Task description:
Using the records below, quote only the span that opens with the line containing "本區蔡佳甫區長及藍天寶主秘分" and closes with the line containing "Solution nettoyante x1", exactly and inclusively.

Records shown:
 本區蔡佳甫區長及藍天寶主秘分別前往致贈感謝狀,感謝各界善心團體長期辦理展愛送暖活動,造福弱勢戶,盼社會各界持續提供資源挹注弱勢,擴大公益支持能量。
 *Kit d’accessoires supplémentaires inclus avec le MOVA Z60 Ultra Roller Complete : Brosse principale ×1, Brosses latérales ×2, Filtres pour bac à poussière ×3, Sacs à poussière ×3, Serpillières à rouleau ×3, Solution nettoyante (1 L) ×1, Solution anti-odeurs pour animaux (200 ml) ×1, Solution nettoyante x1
==
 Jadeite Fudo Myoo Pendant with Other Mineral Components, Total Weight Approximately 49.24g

Completed exercise:
 本區蔡佳甫區長及藍天寶主秘分別前往致贈感謝狀,感謝各界善心團體長期辦理展愛送暖活動,造福弱勢戶,盼社會各界持續提供資源挹注弱勢,擴大公益支持能量。
 *Kit d’accessoires supplémentaires inclus avec le MOVA Z60 Ultra Roller Complete : Brosse principale ×1, Brosses latérales ×2, Filtres pour bac à poussière ×3, Sacs à poussière ×3, Serpillières à rouleau ×3, Solution nettoyante (1 L) ×1, Solution anti-odeurs pour animaux (200 ml) ×1, Solution nettoyante x1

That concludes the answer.